Segment Open
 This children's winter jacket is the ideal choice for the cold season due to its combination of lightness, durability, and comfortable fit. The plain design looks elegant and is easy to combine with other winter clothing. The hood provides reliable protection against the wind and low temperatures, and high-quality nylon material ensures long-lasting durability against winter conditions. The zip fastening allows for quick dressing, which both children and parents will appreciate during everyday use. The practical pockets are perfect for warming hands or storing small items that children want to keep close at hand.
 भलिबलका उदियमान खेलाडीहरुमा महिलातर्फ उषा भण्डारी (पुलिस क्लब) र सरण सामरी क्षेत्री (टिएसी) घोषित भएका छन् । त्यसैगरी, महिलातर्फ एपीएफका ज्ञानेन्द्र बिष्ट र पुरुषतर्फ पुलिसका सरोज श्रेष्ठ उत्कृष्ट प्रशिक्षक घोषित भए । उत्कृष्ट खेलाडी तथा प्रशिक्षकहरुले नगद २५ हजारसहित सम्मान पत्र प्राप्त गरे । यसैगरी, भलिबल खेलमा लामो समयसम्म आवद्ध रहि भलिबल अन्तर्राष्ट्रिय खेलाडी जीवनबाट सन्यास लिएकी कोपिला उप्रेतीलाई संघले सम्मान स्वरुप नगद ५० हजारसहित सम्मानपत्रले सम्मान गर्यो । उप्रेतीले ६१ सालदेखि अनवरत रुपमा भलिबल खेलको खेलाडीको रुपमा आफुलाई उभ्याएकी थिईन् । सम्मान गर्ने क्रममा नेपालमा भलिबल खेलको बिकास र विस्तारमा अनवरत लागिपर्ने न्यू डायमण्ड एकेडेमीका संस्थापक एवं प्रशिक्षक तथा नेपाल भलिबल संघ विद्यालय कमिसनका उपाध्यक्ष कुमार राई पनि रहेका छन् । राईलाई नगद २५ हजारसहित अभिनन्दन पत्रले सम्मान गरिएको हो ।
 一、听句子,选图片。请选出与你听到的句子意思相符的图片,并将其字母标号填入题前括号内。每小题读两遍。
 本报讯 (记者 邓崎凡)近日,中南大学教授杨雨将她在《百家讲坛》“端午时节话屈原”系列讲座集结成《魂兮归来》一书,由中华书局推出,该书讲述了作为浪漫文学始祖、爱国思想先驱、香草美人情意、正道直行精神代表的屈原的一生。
Segment Closed
Segment Open
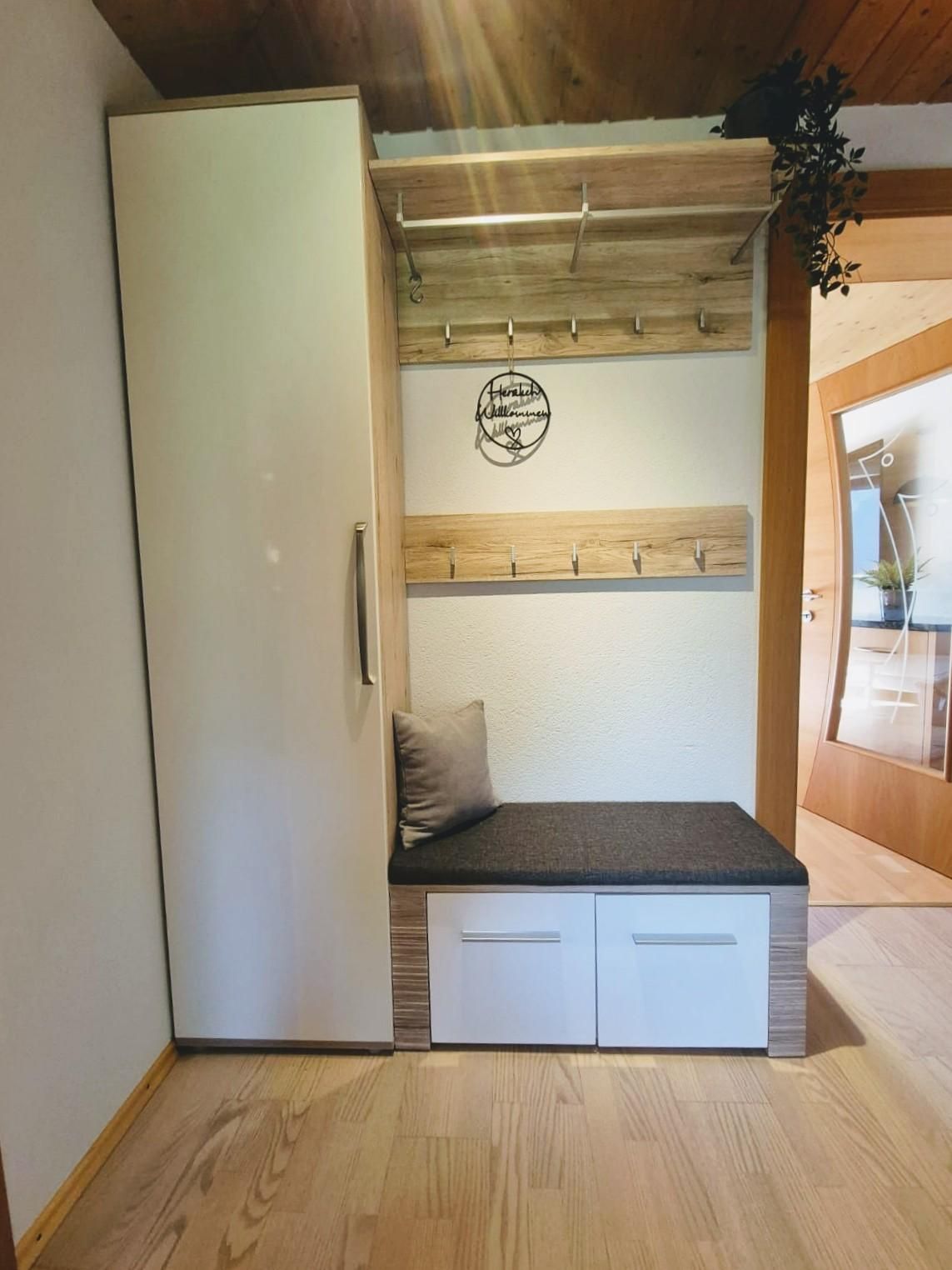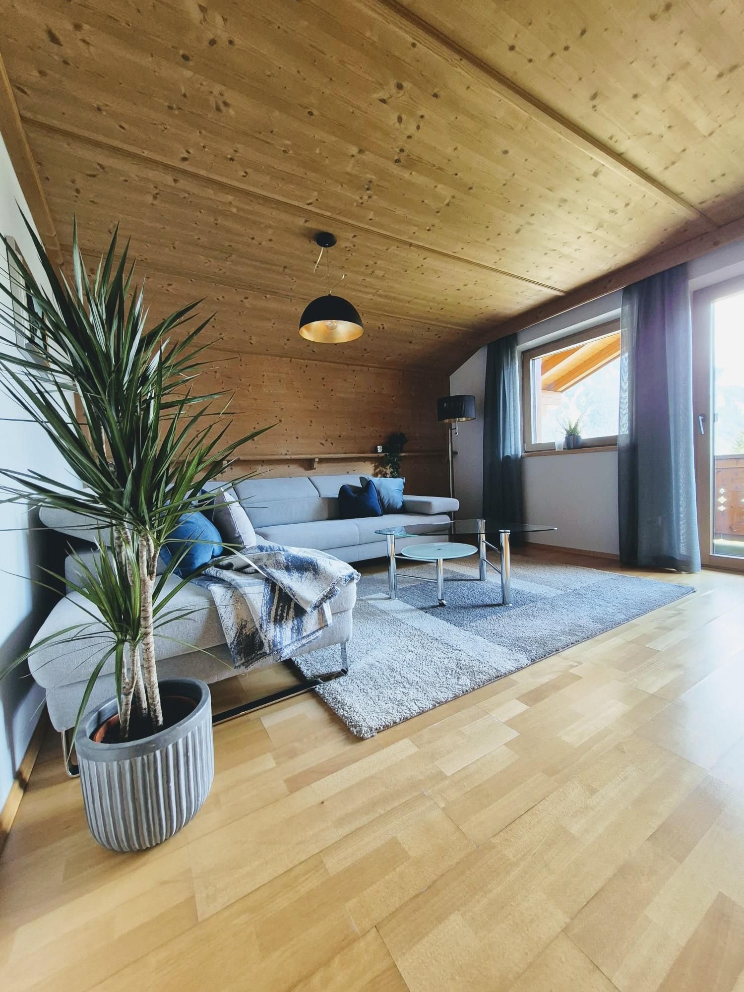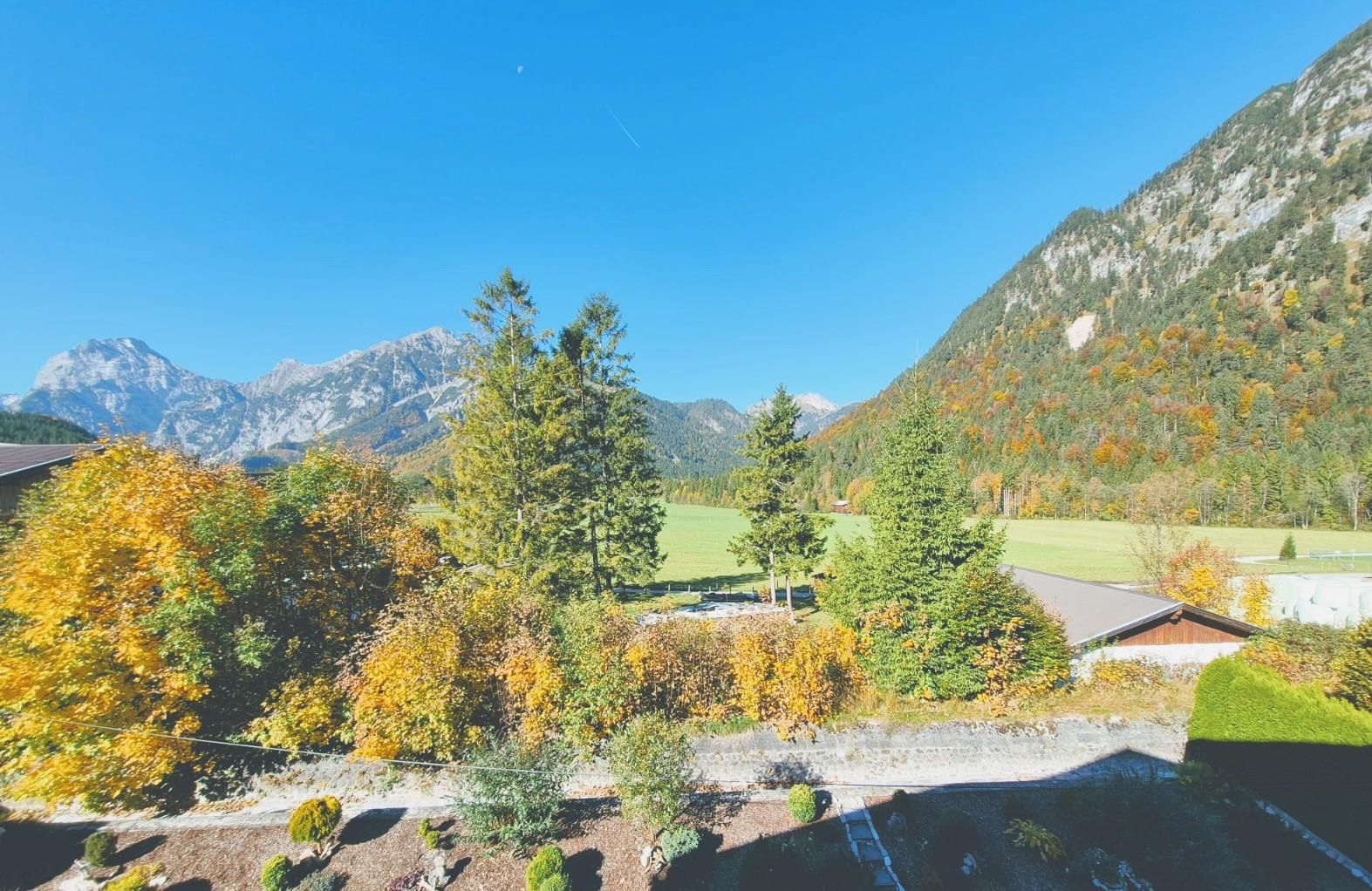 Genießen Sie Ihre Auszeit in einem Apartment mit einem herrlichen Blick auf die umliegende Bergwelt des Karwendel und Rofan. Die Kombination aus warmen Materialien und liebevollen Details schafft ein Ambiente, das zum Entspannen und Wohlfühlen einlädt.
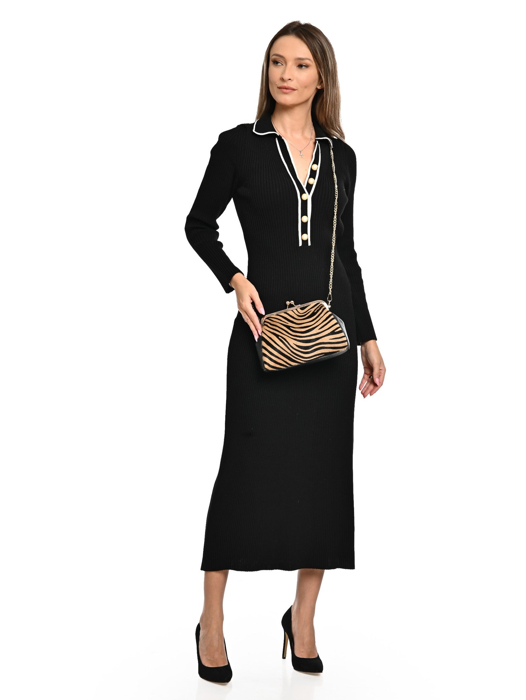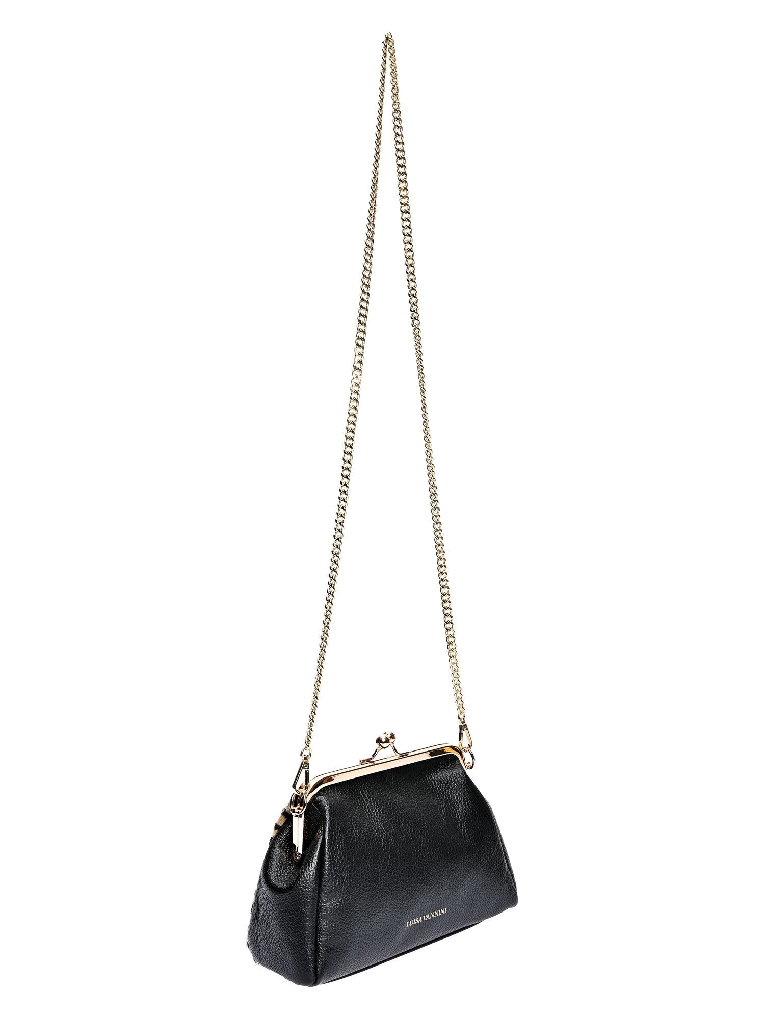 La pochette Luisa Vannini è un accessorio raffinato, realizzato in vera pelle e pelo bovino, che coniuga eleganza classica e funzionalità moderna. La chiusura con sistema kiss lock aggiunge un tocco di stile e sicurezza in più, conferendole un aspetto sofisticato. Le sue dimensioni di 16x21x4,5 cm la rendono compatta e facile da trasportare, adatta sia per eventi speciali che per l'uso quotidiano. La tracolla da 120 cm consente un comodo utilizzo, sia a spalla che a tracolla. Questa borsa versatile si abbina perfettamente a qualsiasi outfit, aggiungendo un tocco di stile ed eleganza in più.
Segment Closed
Segment Open
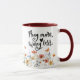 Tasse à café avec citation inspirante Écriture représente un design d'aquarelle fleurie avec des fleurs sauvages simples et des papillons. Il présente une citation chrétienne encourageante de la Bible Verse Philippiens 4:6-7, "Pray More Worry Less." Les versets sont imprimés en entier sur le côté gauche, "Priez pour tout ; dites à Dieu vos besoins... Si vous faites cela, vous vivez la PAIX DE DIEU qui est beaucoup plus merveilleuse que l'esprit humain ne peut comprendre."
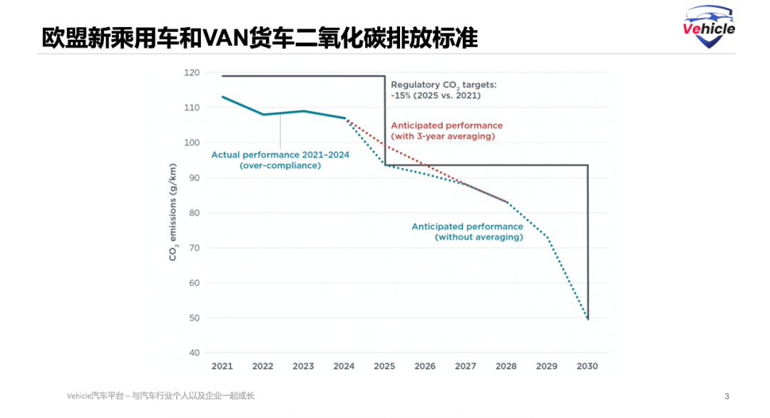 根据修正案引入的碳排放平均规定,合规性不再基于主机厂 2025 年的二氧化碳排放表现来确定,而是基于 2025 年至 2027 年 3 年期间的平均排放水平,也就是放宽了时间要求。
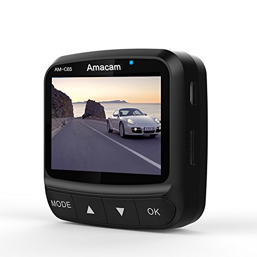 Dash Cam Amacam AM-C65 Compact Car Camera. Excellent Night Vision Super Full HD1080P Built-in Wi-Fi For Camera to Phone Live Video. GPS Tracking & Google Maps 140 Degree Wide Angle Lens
Segment Closed
## Directions for this task
Using the entries above, transcribe exactly from the line that has "根据修正案引入的碳排放平均规定,合规性不再基于主机厂 2025 年的二氧化碳排放表现来确定,而是基于" through the line that has "Dash Cam Amacam". Pictures are dropped.

## Written reply
 根据修正案引入的碳排放平均规定,合规性不再基于主机厂 2025 年的二氧化碳排放表现来确定,而是基于 2025 年至 2027 年 3 年期间的平均排放水平,也就是放宽了时间要求。
 Dash Cam Amacam AM-C65 Compact Car Camera. Excellent Night Vision Super Full HD1080P Built-in Wi-Fi For Camera to Phone Live Video. GPS Tracking & Google Maps 140 Degree Wide Angle Lens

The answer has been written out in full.